- _What is required_: Write out a word-for-word repetition of the lines that come before the line containing "Wall Mount Toilet" in the listing below, along with that line itself, omitting pictures.

[Records to use — start]

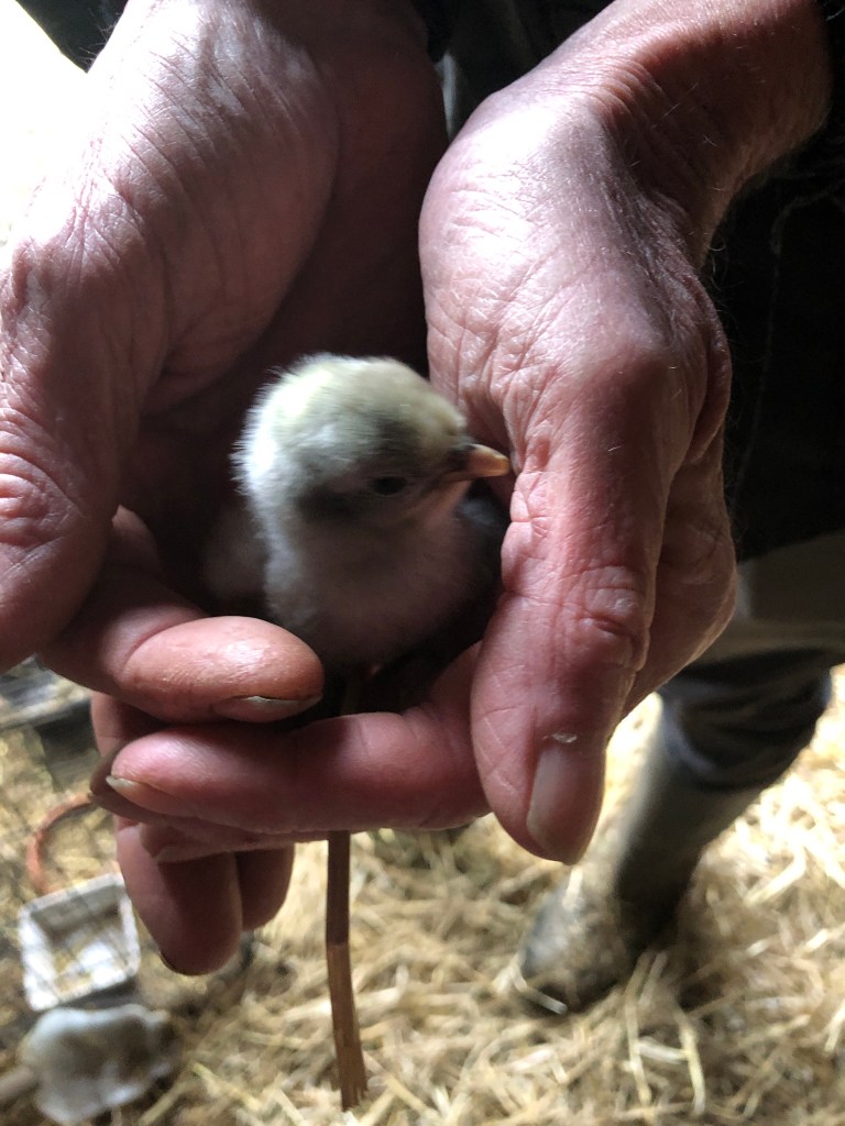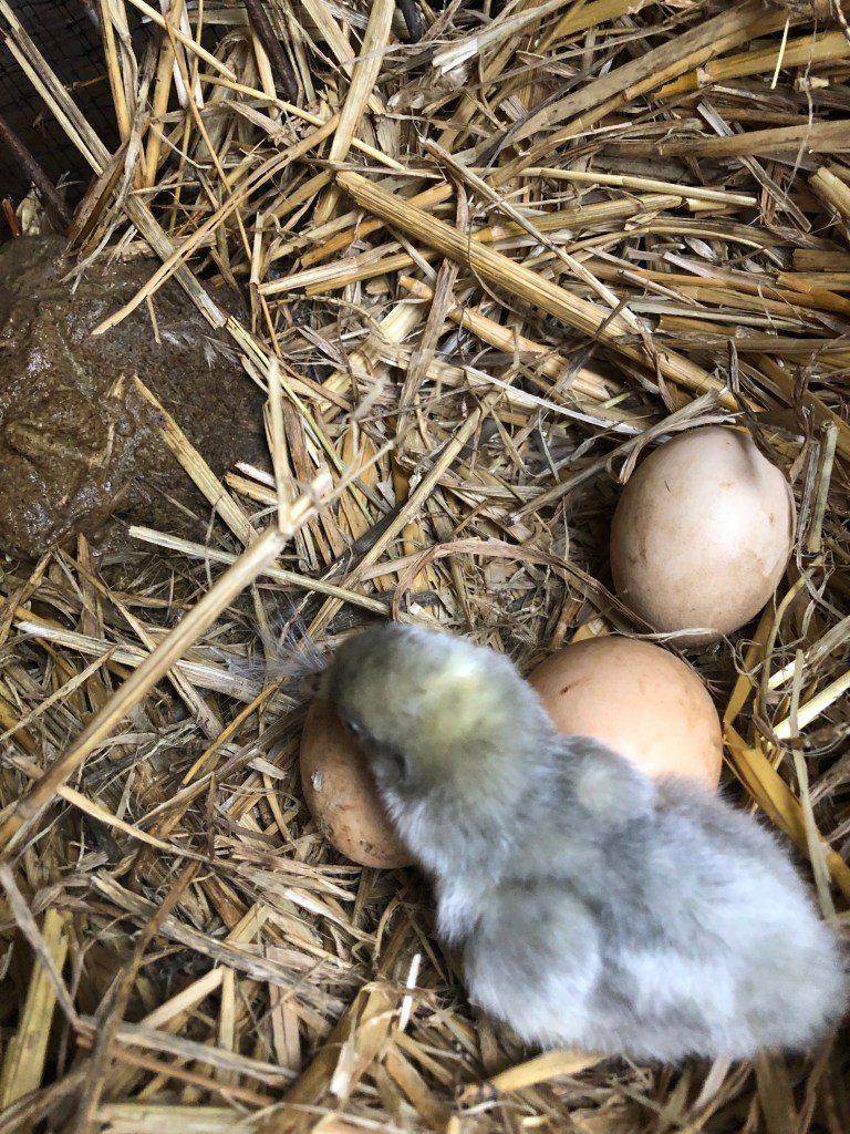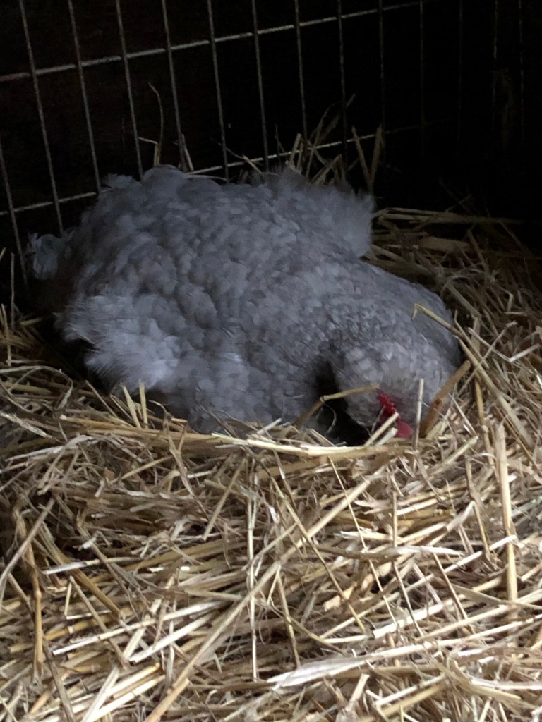 The grey broody Silkie has hatched a little grey chick this afternoon. She still has three eggs beneath her warm feathers so there may be more
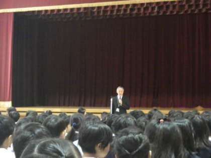 校長先生からは、先日のPTAバレーボール大会で準優勝した明治バレーボール部について、声を掛け合いながら、チームプレーができていたことの話がありました。
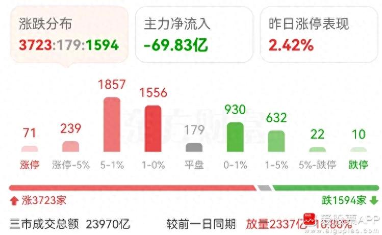 个股3723家上涨,中位数+0.63%,赚钱效应还凑合。两市成交额2.39万亿,放量2300多亿,增量资金也非常的猛!
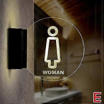 Wall Mount Toilet Sign, LED Restroom Sign, Acrylic Round Bathroom Lighted
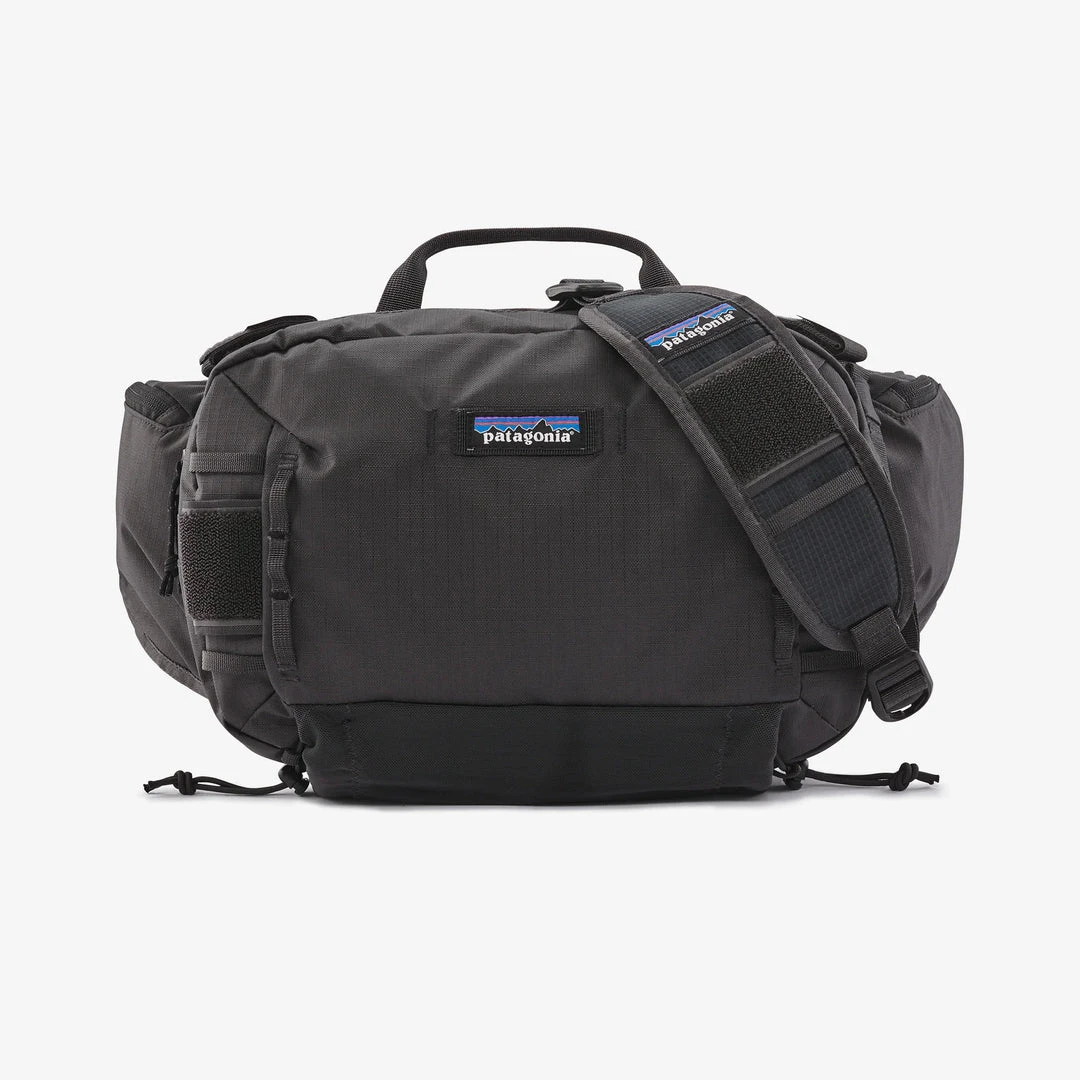 Large main compartment is divided to organize fly boxes, etc.; removable waterproof pocket can be stored inside or outside the pack; removable shoulder sling for carrying options
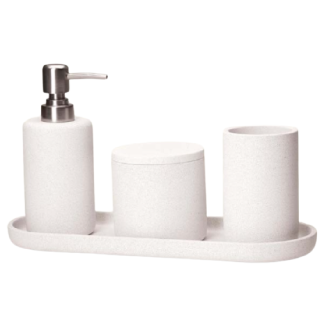 O Kit Lavabo além de versátil e multiuso é uma peça muito charmosa para compor a bancada do seu banheiro, ideal para armazenar escovas de dente, creme dental, algodão, cotonetes ou outros objetos pessoais da sua escolha, seu acabamento na cor off white, uma cor muito bonita, charmosa e elegante para compor a decoração do seu ambiente.
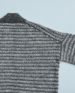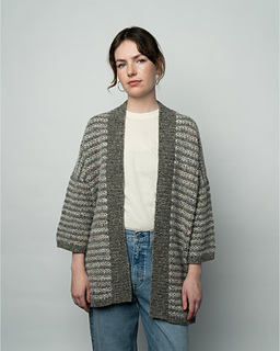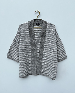 Livø Kimono is worked from the top down in a slip-stitch pattern and with a European shoulder. First the upper part of the back is worked, then the upper part of the front sections down to the underarms, after which the sections are joined. The body is worked back and forth. The sleeves are worked top down to three-quarter length. Finally, stitches are picked up to work the wide front edges.
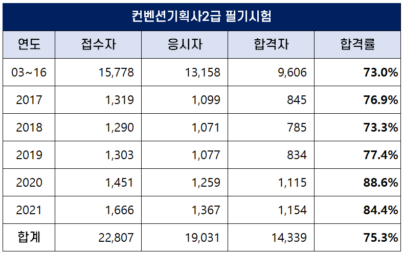 아래 표는 컨벤션기획사 2급 자격시험이 처음 시행된 2003년부터 2021년까지 접수자, 응시자, 합격자 및 합격률 현황입니다. 역대 컨벤션기획사 2급 필기 평균 합격률은 75.3%인데 2020년에는 88.6%의 높은 합격률을 기록하기도 했습니다.
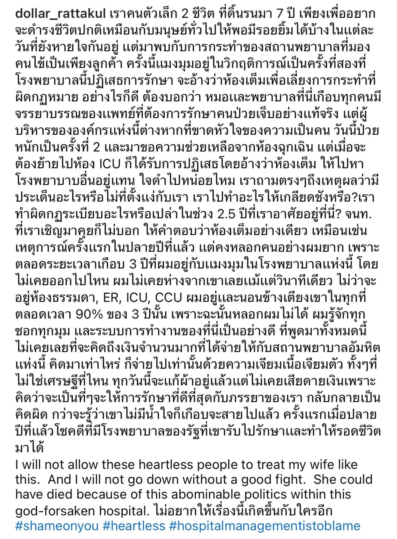 I will not allow these heartless people to treat my wife like this. And I will not go down without a good fight. She could have died because of this abominable politics within this god-forsaken hospital. ไม่อยากให้เรื่องนี้เกิดขึ้นกับใครอีก #shameonyou #heartless #hospitalmanagementistoblame”
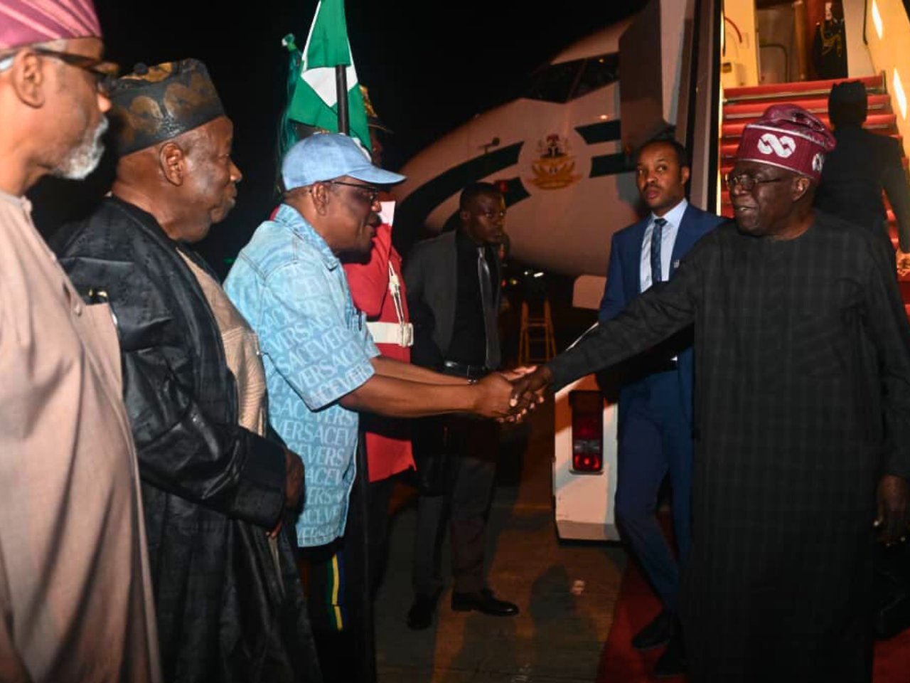“Daddy Oyoyo”: Excitement Sweeps Abuja As President Tinubu Touches Down After Germany Summit; Warm Welcome From Wike, Gbajabiamila, Ganduje, And Other Dignitaries – Exclusive Photos

[Records to use — finish]

- _Exercise response_:
 The grey broody Silkie has hatched a little grey chick this afternoon. She still has three eggs beneath her warm feathers so there may be more
 校長先生からは、先日のPTAバレーボール大会で準優勝した明治バレーボール部について、声を掛け合いながら、チームプレーができていたことの話がありました。
 个股3723家上涨,中位数+0.63%,赚钱效应还凑合。两市成交额2.39万亿,放量2300多亿,增量资金也非常的猛!
 Wall Mount Toilet Sign, LED Restroom Sign, Acrylic Round Bathroom Lighted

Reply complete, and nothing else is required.